DESCRIPTION OF THE TASK: Print the listing below exactly, minus its pictures.
━━━━━ INFORMATION PROVIDED
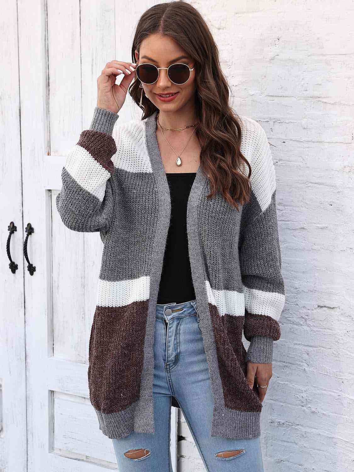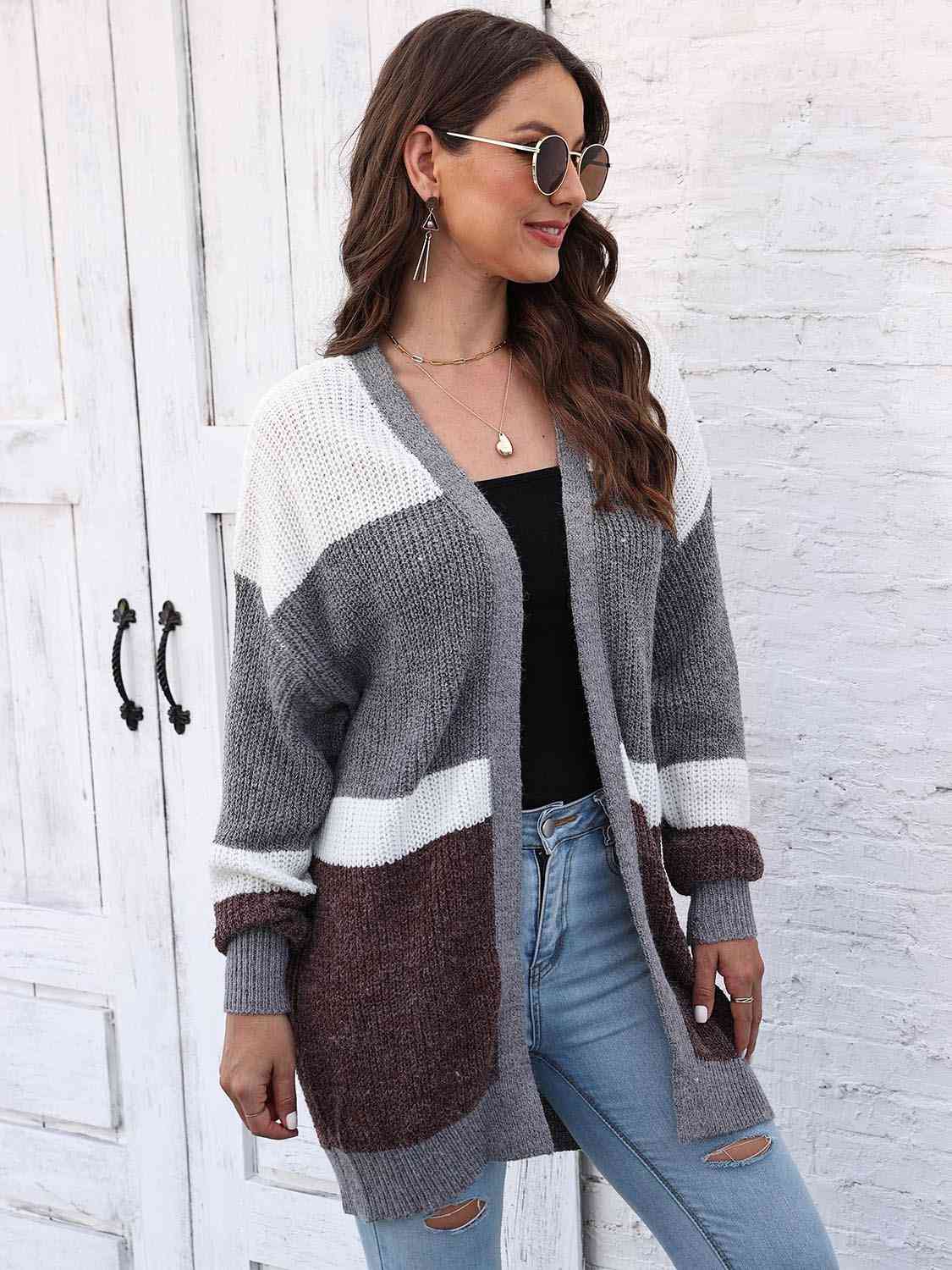Color Block Open Front Cardigan
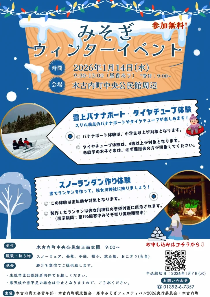 【イベント名】みそぎウィンターイベント【日程】2026年1月14日(水) 9:30~13:00(受付:9:00~)【会場】木古内町中央公民館周辺【参加申込】画像の二次元コードまたはこちらからお申し込みください ※申込締め切り1月7日(水)【問い合わせ】01392-6-7357 木古内町観光協会【URL】https://www.town.kikonai.hokkaido.jp/kanko/event/winter.html
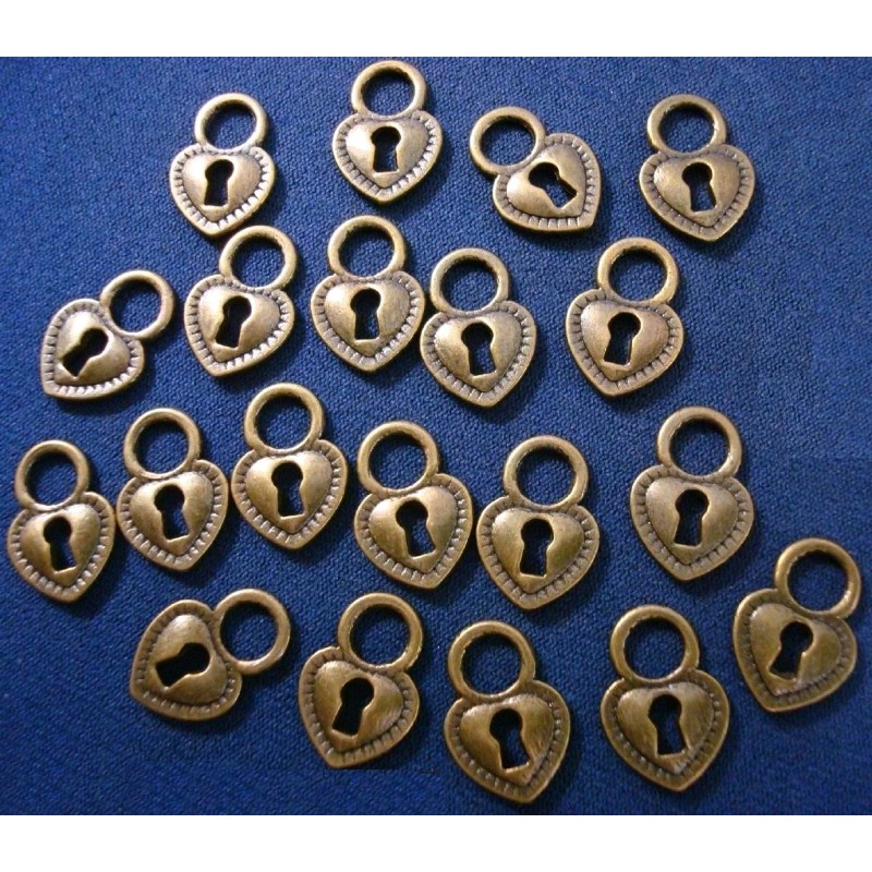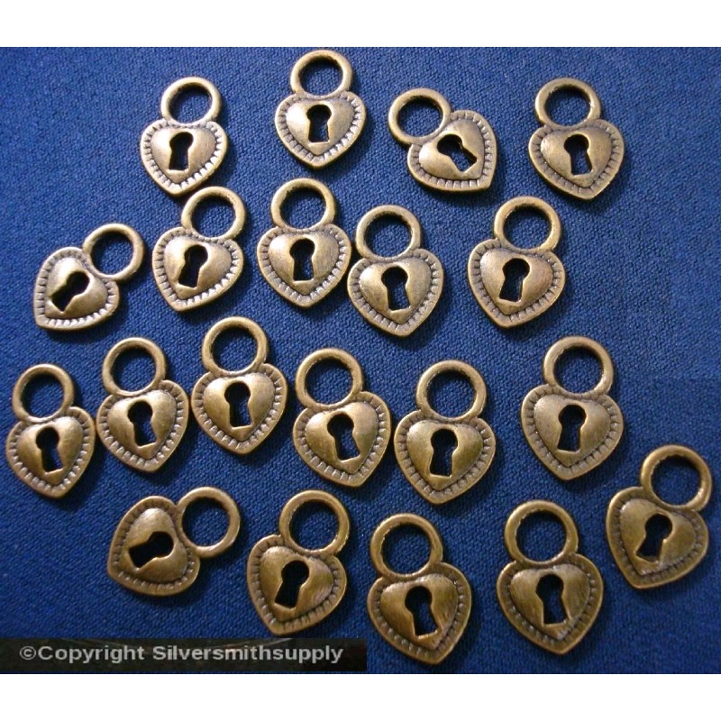 Silversmithsupply.com 20 Heart with key hole shaped ant bronze plated pendant...
━━━━━━━━━━
OUTPUT FOR THIS EXERCISE:
Color Block Open Front Cardigan
 【イベント名】みそぎウィンターイベント【日程】2026年1月14日(水) 9:30~13:00(受付:9:00~)【会場】木古内町中央公民館周辺【参加申込】画像の二次元コードまたはこちらからお申し込みください ※申込締め切り1月7日(水)【問い合わせ】01392-6-7357 木古内町観光協会【URL】https://www.town.kikonai.hokkaido.jp/kanko/event/winter.html
 Silversmithsupply.com 20 Heart with key hole shaped ant bronze plated pendant...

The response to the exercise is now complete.